题目:Generalized Shen-Larsson bifunctors and cohomologies of crossed homomorphisms

摘要：In this talk,  using crossed homomorphisms, we show that the category of weak representations (resp. admissible representations) of Lie-Rinehart algebras (resp. Leibniz pairs) is a left module category over the monoidal category of representations of Lie algebras. In particular, the corresponding bifunctor which we call the generalized Shen-Larsson bifunctor is established to give new weak representations (resp. admissible representations) of Lie-Rinehart algebras (resp.
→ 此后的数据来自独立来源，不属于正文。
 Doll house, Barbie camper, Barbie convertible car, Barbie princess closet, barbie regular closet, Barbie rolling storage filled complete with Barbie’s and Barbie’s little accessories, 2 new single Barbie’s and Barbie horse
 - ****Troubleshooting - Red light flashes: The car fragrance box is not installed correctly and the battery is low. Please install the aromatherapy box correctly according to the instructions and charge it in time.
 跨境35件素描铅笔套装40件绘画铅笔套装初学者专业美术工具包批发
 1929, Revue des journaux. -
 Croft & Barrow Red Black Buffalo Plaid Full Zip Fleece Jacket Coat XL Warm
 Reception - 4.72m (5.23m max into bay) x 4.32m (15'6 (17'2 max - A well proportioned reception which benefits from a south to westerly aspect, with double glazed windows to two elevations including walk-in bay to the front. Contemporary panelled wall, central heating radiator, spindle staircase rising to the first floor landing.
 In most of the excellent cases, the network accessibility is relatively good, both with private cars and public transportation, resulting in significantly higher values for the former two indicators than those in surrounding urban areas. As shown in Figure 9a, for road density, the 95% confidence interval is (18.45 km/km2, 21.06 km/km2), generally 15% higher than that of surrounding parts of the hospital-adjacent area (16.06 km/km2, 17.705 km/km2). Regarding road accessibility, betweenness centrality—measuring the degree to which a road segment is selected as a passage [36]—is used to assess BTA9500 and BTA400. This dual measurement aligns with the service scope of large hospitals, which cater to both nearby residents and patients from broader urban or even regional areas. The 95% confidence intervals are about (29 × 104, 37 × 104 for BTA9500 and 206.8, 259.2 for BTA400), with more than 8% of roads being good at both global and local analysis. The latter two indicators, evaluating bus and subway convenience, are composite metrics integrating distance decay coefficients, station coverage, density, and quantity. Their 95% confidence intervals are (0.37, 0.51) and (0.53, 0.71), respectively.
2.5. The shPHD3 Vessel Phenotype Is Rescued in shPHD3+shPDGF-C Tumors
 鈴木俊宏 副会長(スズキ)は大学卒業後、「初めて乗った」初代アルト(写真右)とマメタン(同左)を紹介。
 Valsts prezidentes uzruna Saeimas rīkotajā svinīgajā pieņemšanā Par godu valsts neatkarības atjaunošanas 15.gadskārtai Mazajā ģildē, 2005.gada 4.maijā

Leibniz pairs). This generalizes and unifies various existing constructions of representations of many Lie algebras conceptually to evolve into one bifunctor. We construct some crossed homomorphisms in different situations and use our generalized Shen-Larsson bifunctors to recover some known constructions of representations of various Lie algebras, also to obtain new representations for generalized Witt algebras and their Lie subalgebras. The cohomology theory of crossed homomorphisms between Lie algebras is introduced and used to study linear deformations of crossed homomorphisms.I will tell you the first Lie algebra who has a complete classification of simple weight modules, some of which have all infinite dimensional weight spaces.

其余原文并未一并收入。